(PROVIDED DATA Opens)
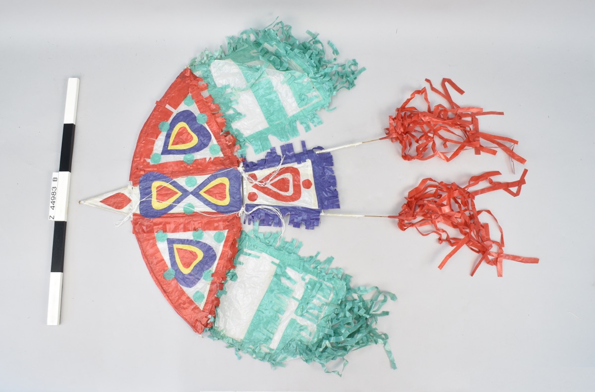 It is possible that this kite is part of the Skeat collection. In the annual report, the Skeat collection (Z 33508, Skeat I: 640-654) lists 15 kites from South East Asia, however there are only 10 record on the database. This kite needs to be compared to those in the Skeat collection to determine their provenance.
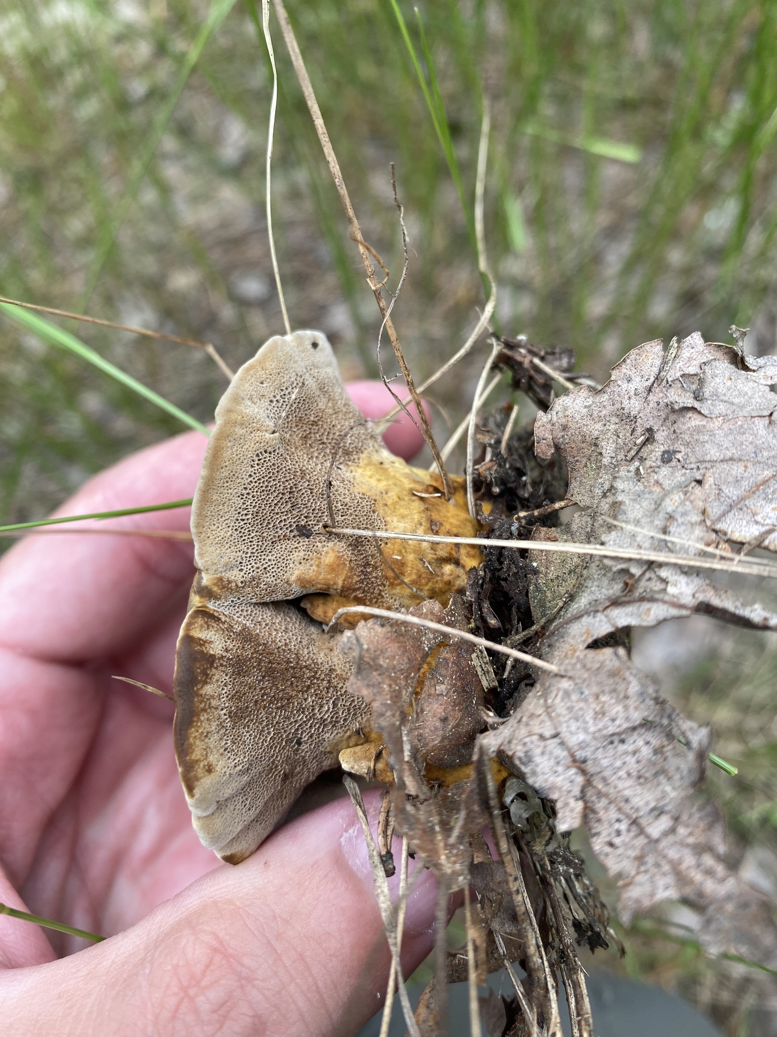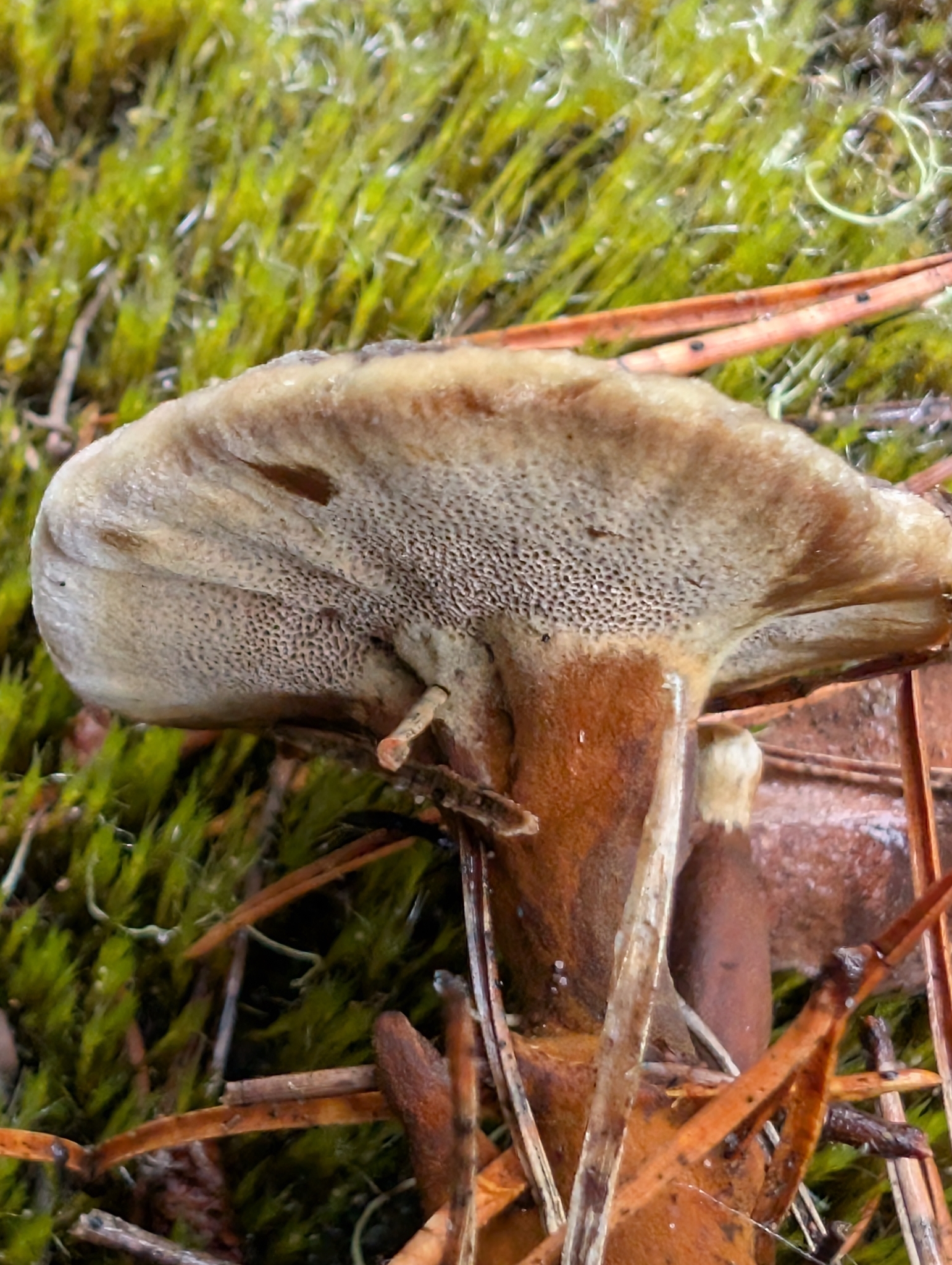 Lamellen: etwas herablaufend, gelbbraun bis graubeige, Poren rundlich bis eckig, ca. 0,25 mm - 1 mm Durchmesser.
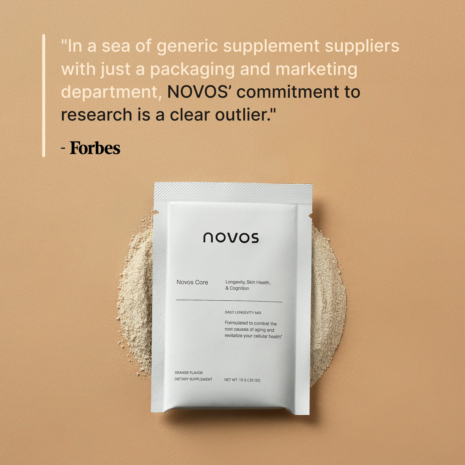 The composition of NOVOS Core is inspired by these areas of research. This doesn't mean the product can stop aging, but rather that the formula is designed with a broad, long-term approach to health in mind.
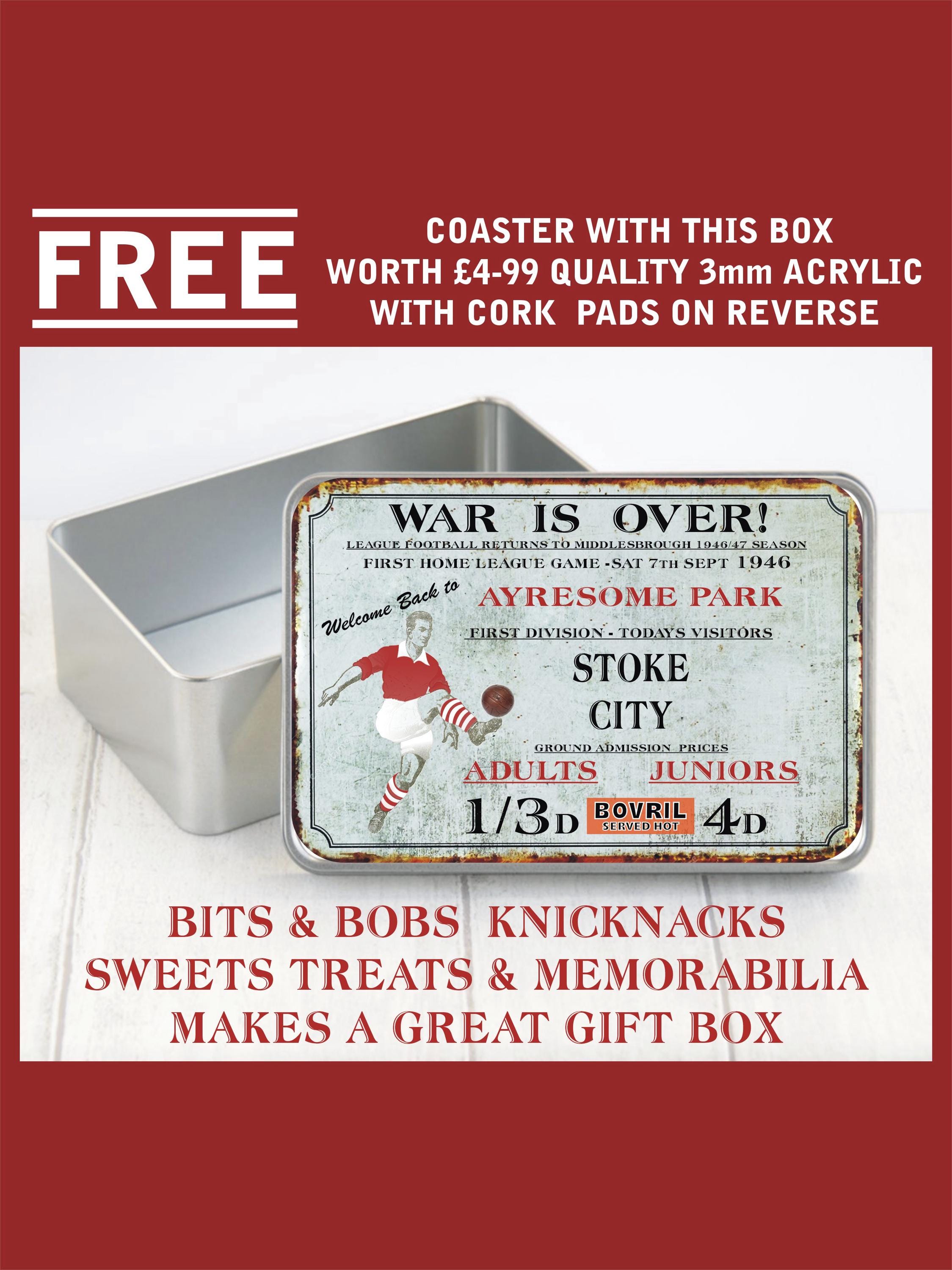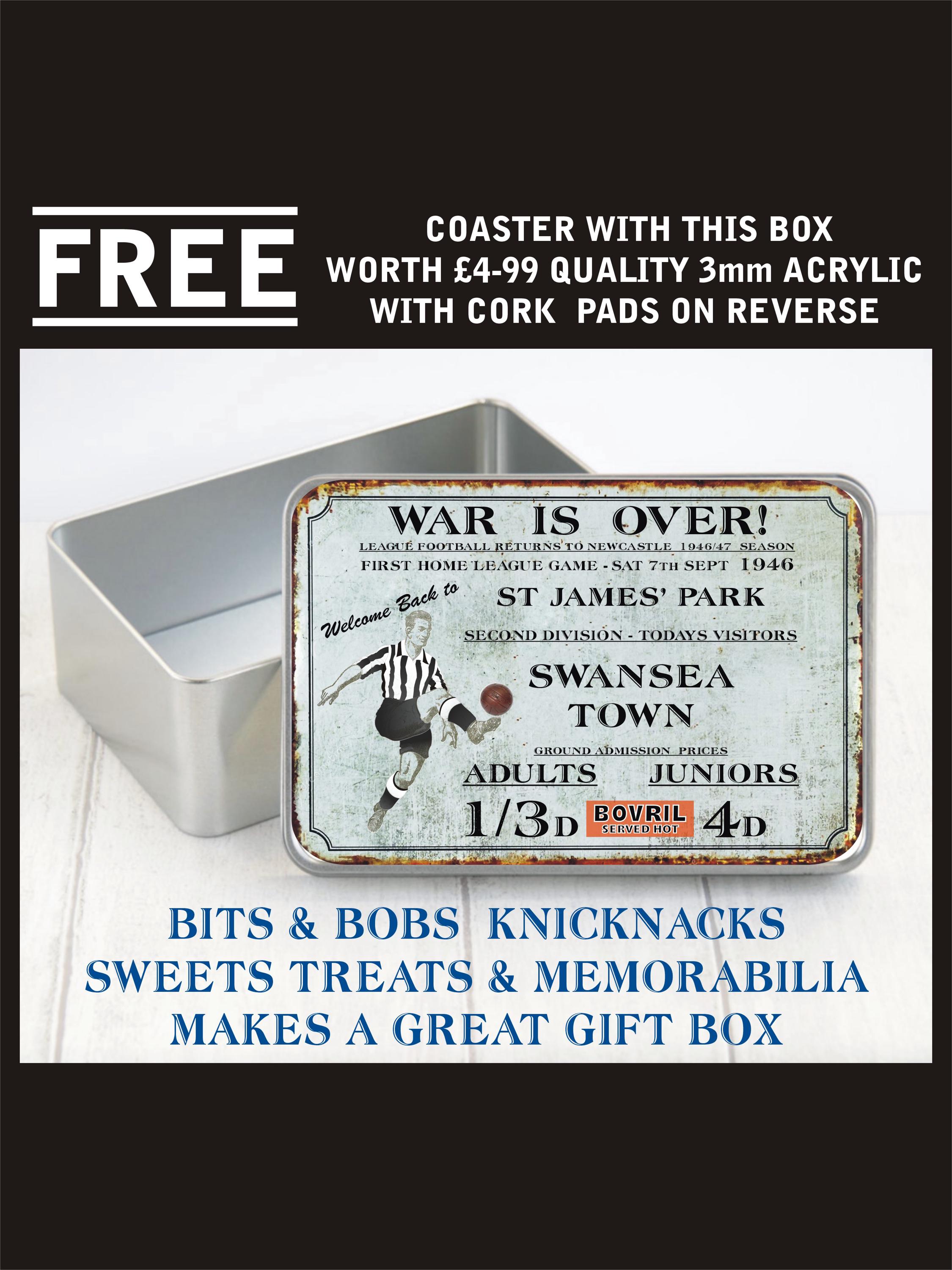 FREE CLUB COASTER WORTH £4.99 WITH EVERY TIN BOX ORDERED. THESE ARE TOP QUALITY 3MM ACRYLIC CO...
(PROVIDED DATA Closes)
**TASK OBJECTIVE:** Every line of the data above is to be repeated exactly; the images are to be left out.

**WRITTEN REPLY:**
 It is possible that this kite is part of the Skeat collection. In the annual report, the Skeat collection (Z 33508, Skeat I: 640-654) lists 15 kites from South East Asia, however there are only 10 record on the database. This kite needs to be compared to those in the Skeat collection to determine their provenance.
 Lamellen: etwas herablaufend, gelbbraun bis graubeige, Poren rundlich bis eckig, ca. 0,25 mm - 1 mm Durchmesser.
 The composition of NOVOS Core is inspired by these areas of research. This doesn't mean the product can stop aging, but rather that the formula is designed with a broad, long-term approach to health in mind.
 FREE CLUB COASTER WORTH £4.99 WITH EVERY TIN BOX ORDERED. THESE ARE TOP QUALITY 3MM ACRYLIC CO...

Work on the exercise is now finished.